** Opening Extracted information block **
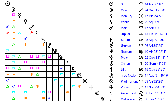 | Sun | 14 Aries 58 | 15 Aries 55 | 12 Cancer 43 |
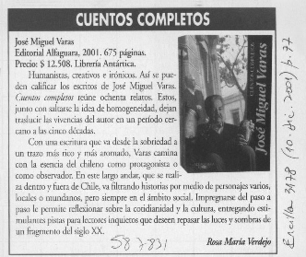 Autores chilenos - Varas Morel, José Miguel - Cuentos completos
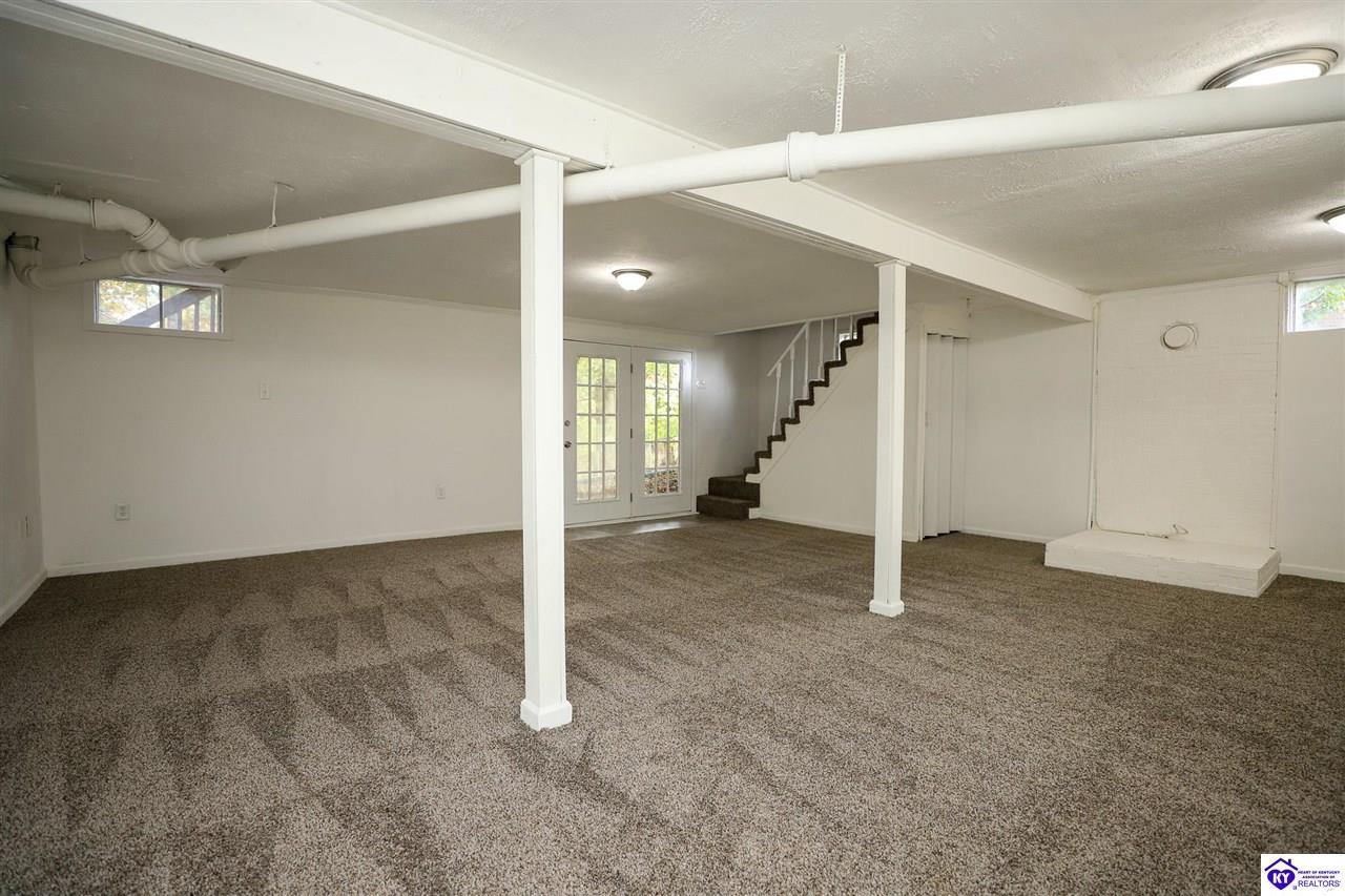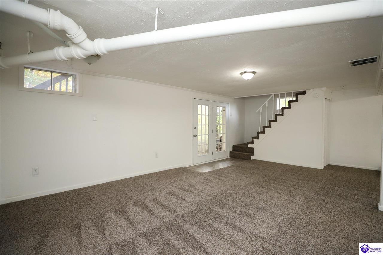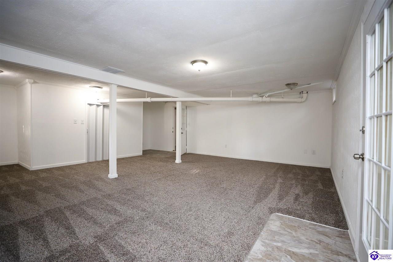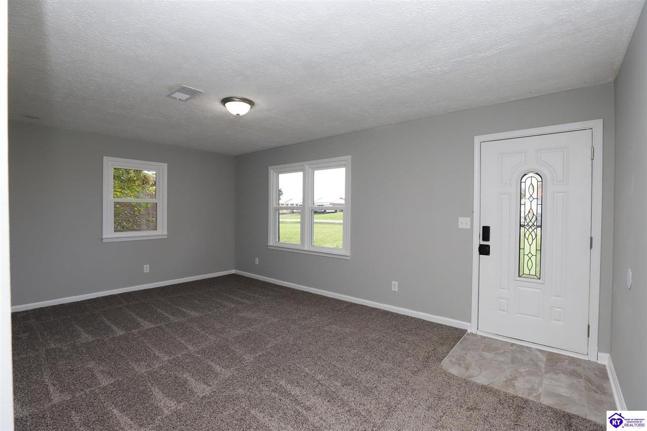 Realtor's notes: This remodeled brick home offers the perfect blend of comfort and character on a scenic wooded lot that provides natural privacy and tranquil views from your deck. Step inside to discover beautifully updated new flooring throughout, creating a fresh and welcoming atmosphere that flows seamlessly from room to room. The heart of this home is its spacious kitchen, complete with a convenient island that serves as both a gathering spot for morning coffee and an ideal workspace for culinary adventures. The kitchen is fully equipped with a full appliance package, whether you're preparing a quick breakfast or hosting a dinner party, this kitchen has the space and functionality to handle it all. With three well-appointed bedrooms and one and a half bathrooms, there's comfortable space for the whole family. The updated bathroom features a double vanity and stylish tile surround in the tub shower area, adding both practicality and modern appeal to your daily routine. The fully finished walk-out basement provides excellent additional living space, perfect for a family room, home office, or recreational area. This versatile space opens directly to the outdoors, creating wonderful indoor-outdoor living opportunities. Outside, you'll appreciate the covered front porch while taking in the peaceful wooded surroundings. Additional features include a 2-car garage, plush landscaping and a sought-after location in the back of the neighborhood. Located in Elizabethtown, this property offers easy access to I-65 and local amenities while maintaining that desired sense of privacy and natural beauty. This home combines practical updates with timeless charm, creating a wonderful place to call home.
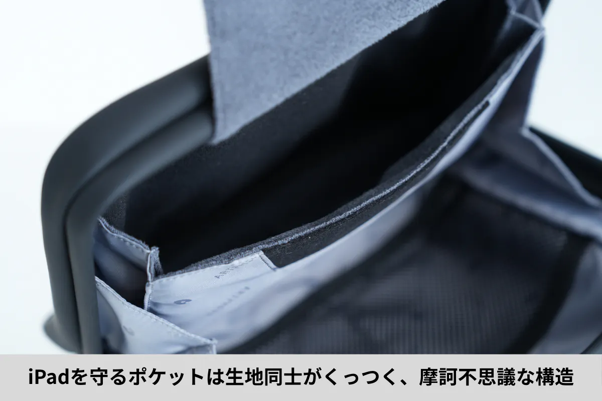 *11インチのiPad Proサイズまで+一般的なケース入りでも収納できます。■ 幅広ベルトで疲れにくく、カジュアルな雰囲気にもぴったり
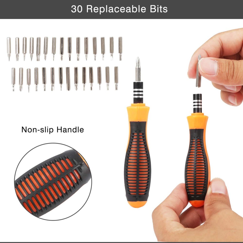 1. This screwdriver set is a game-changer! The magnetic tips make handling tiny screws effortless, and the non-slip grip ensures precision. With 30 high-quality bits, it covers everything from phones to game controllers—no more struggling with stripped screws. The chrome-vanadium steel feels sturdy and durable, and the compact case keeps everything organized. A must-have for DIY repairs!
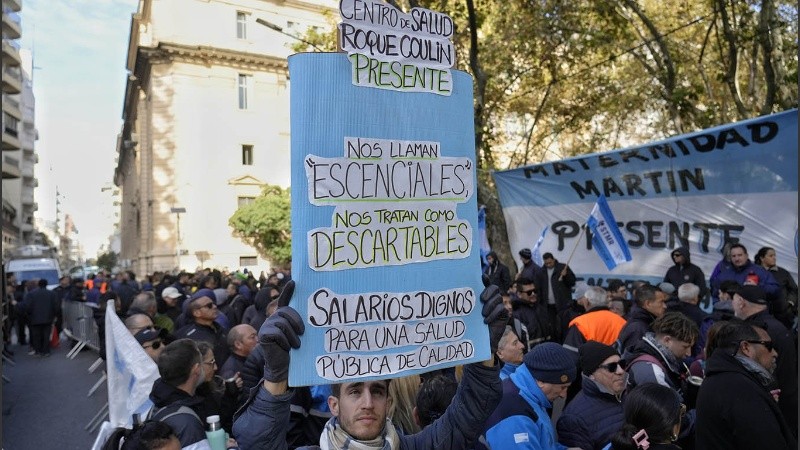Un nutrido grupo de trabajadores municipales realizó este viernes al mediodía una manifestación frente al Palacio de Los Leones, en la plaza 25 de Mayo, donde se lanzó un paro de 48 horas para la semana próxima.
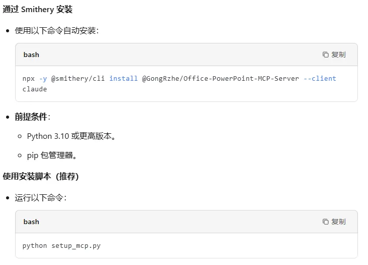 降低使用门槛通过MCP协议与AI助手无缝对接,用户可通过自然语言指令完成复杂操作,无需编程基础。例如,非技术人员也可使用该工具生成专业PPT。
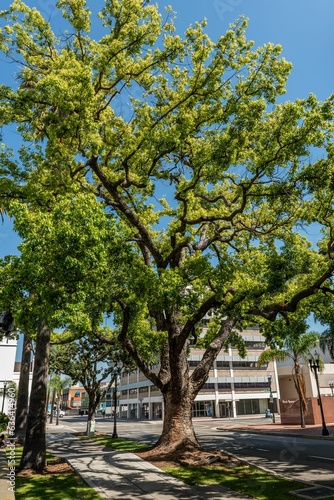 Scenic view, of a tree in the foreground, illuminated by a street light in the background
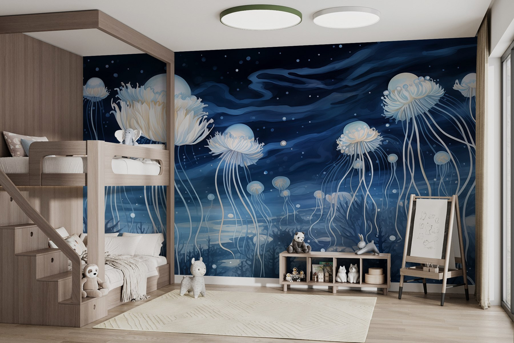 Trasformate qualsiasi spazio in un rilassante paesaggio subacqueo da sogno con questo murale mozzafiato di meduse che scivolano in una notte stellata. Immaginate questo: entrando nella stanza, vi sembrerà di galleggiare in un oceano di tranquillità, vero? I blu e i bianchi tenui delle meduse danzano con grazia, mentre il cielo notturno si riempie di piccole stelle, regalando un’atmosfera eterea. Perfetto per un salotto o per un accogliente angolo di lettura: potreste ritrovarvi a sognare ad occhi aperti, persi nei vostri pensieri. È anche un argomento di conversazione! Gli amici potrebbero chiedervi se avete nuotato con le meduse. Immaginate la loro sorpresa quando risponderete di no, che invece siete stati a casa vostra!
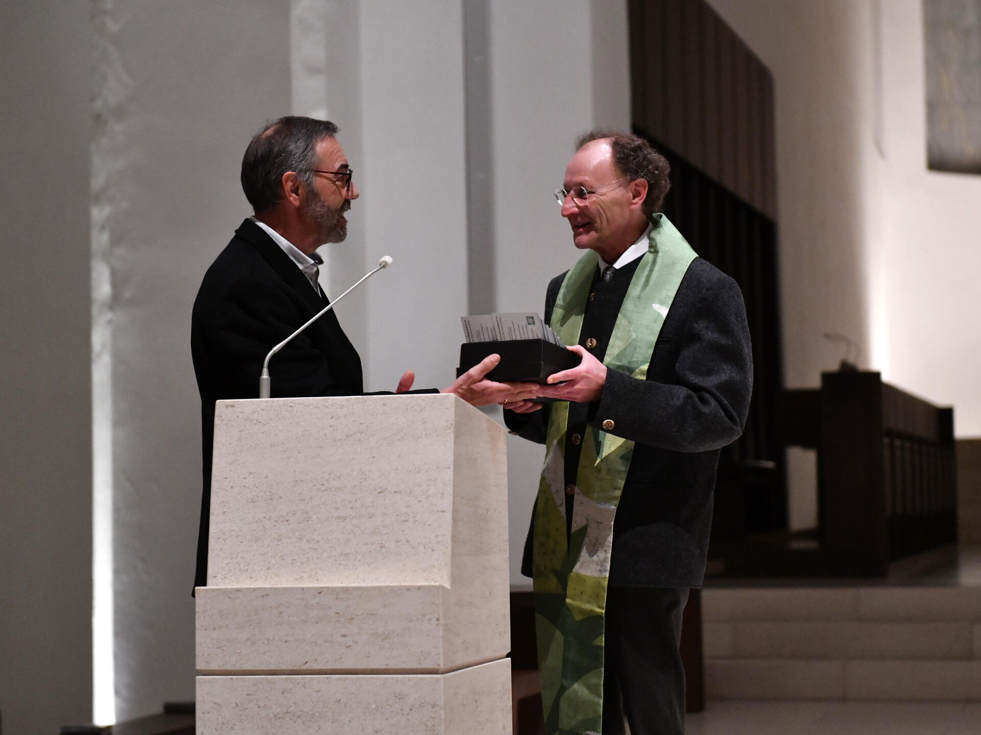 Nach einem Wechselgebet, in welchem die Vertreter des Betroffenenbeirats ihre Bitten zu Gott brachten, überreichte der Sprecher des UBBA, Friedrich Braun, dem Generalvikar einen neu erstellten Flyer. Der Handzettel, in welchem der Betroffenenbeirat sich und seine Aufgabenbereiche vorstellt, wurde in einer Auflage von 30.000 Stück produziert und wird nun in den Pfarreien des Bistums verteilt. „Möglichst viele Menschen, Gläubige und solche, die der Kirche nicht mehr nahestehen, sollen erfahren können, dass es Hilfe für Missbrauchsopfer gibt und dass wir uns Mühe geben, vergangenes Unrecht aufzuarbeiten und präventiv Kinder und Jugendliche vor Missbrauch schützen wollen“, so Braun gegenüber dem Generalvikar.
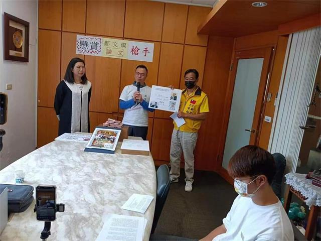 新党发言人陈丽玲律师、桃园市中坜区议员候选人游智彬等人今(11)日召开「悬赏10万寻找郑文灿论文枪手 共犯林佳龙踹共」记者会,公布悬赏10万新台币现金寻找郑文灿论文代写枪手,呼吁若是中国大陆枪手自首也可以获得人民币2万元。游智彬质疑,郑文灿论文极可能是大陆枪手代写,否则,郑文灿本人过了一周后仍一反常态低调避谈,毫无回应?
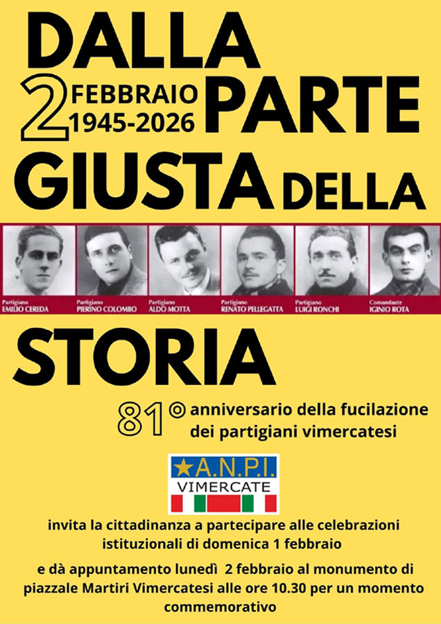Nell'81° anniversario della fucilazione dei giovani partigiani vimercatesi la nostra città, medaglia d'argento al merito civile per la resistenza rinnova il suo impegno antifascista per la difesa della democrazia e della libertà conquistata. Ricordare questo loro sacrificio è un dovere.
** Closing Extracted information block **
### Problem details
The records shown above are to be repeated exactly, with the pictures left out.

### Exercise answer
 | Sun | 14 Aries 58 | 15 Aries 55 | 12 Cancer 43 |
 Autores chilenos - Varas Morel, José Miguel - Cuentos completos
 Realtor's notes: This remodeled brick home offers the perfect blend of comfort and character on a scenic wooded lot that provides natural privacy and tranquil views from your deck. Step inside to discover beautifully updated new flooring throughout, creating a fresh and welcoming atmosphere that flows seamlessly from room to room. The heart of this home is its spacious kitchen, complete with a convenient island that serves as both a gathering spot for morning coffee and an ideal workspace for culinary adventures. The kitchen is fully equipped with a full appliance package, whether you're preparing a quick breakfast or hosting a dinner party, this kitchen has the space and functionality to handle it all. With three well-appointed bedrooms and one and a half bathrooms, there's comfortable space for the whole family. The updated bathroom features a double vanity and stylish tile surround in the tub shower area, adding both practicality and modern appeal to your daily routine. The fully finished walk-out basement provides excellent additional living space, perfect for a family room, home office, or recreational area. This versatile space opens directly to the outdoors, creating wonderful indoor-outdoor living opportunities. Outside, you'll appreciate the covered front porch while taking in the peaceful wooded surroundings. Additional features include a 2-car garage, plush landscaping and a sought-after location in the back of the neighborhood. Located in Elizabethtown, this property offers easy access to I-65 and local amenities while maintaining that desired sense of privacy and natural beauty. This home combines practical updates with timeless charm, creating a wonderful place to call home.
 *11インチのiPad Proサイズまで+一般的なケース入りでも収納できます。■ 幅広ベルトで疲れにくく、カジュアルな雰囲気にもぴったり
 1. This screwdriver set is a game-changer! The magnetic tips make handling tiny screws effortless, and the non-slip grip ensures precision. With 30 high-quality bits, it covers everything from phones to game controllers—no more struggling with stripped screws. The chrome-vanadium steel feels sturdy and durable, and the compact case keeps everything organized. A must-have for DIY repairs!
Un nutrido grupo de trabajadores municipales realizó este viernes al mediodía una manifestación frente al Palacio de Los Leones, en la plaza 25 de Mayo, donde se lanzó un paro de 48 horas para la semana próxima.
 降低使用门槛通过MCP协议与AI助手无缝对接,用户可通过自然语言指令完成复杂操作,无需编程基础。例如,非技术人员也可使用该工具生成专业PPT。
 Scenic view, of a tree in the foreground, illuminated by a street light in the background
 Trasformate qualsiasi spazio in un rilassante paesaggio subacqueo da sogno con questo murale mozzafiato di meduse che scivolano in una notte stellata. Immaginate questo: entrando nella stanza, vi sembrerà di galleggiare in un oceano di tranquillità, vero? I blu e i bianchi tenui delle meduse danzano con grazia, mentre il cielo notturno si riempie di piccole stelle, regalando un’atmosfera eterea. Perfetto per un salotto o per un accogliente angolo di lettura: potreste ritrovarvi a sognare ad occhi aperti, persi nei vostri pensieri. È anche un argomento di conversazione! Gli amici potrebbero chiedervi se avete nuotato con le meduse. Immaginate la loro sorpresa quando risponderete di no, che invece siete stati a casa vostra!
 Nach einem Wechselgebet, in welchem die Vertreter des Betroffenenbeirats ihre Bitten zu Gott brachten, überreichte der Sprecher des UBBA, Friedrich Braun, dem Generalvikar einen neu erstellten Flyer. Der Handzettel, in welchem der Betroffenenbeirat sich und seine Aufgabenbereiche vorstellt, wurde in einer Auflage von 30.000 Stück produziert und wird nun in den Pfarreien des Bistums verteilt. „Möglichst viele Menschen, Gläubige und solche, die der Kirche nicht mehr nahestehen, sollen erfahren können, dass es Hilfe für Missbrauchsopfer gibt und dass wir uns Mühe geben, vergangenes Unrecht aufzuarbeiten und präventiv Kinder und Jugendliche vor Missbrauch schützen wollen“, so Braun gegenüber dem Generalvikar.
 新党发言人陈丽玲律师、桃园市中坜区议员候选人游智彬等人今(11)日召开「悬赏10万寻找郑文灿论文枪手 共犯林佳龙踹共」记者会,公布悬赏10万新台币现金寻找郑文灿论文代写枪手,呼吁若是中国大陆枪手自首也可以获得人民币2万元。游智彬质疑,郑文灿论文极可能是大陆枪手代写,否则,郑文灿本人过了一周后仍一反常态低调避谈,毫无回应?
Nell'81° anniversario della fucilazione dei giovani partigiani vimercatesi la nostra città, medaglia d'argento al merito civile per la resistenza rinnova il suo impegno antifascista per la difesa della democrazia e della libertà conquistata. Ricordare questo loro sacrificio è un dovere.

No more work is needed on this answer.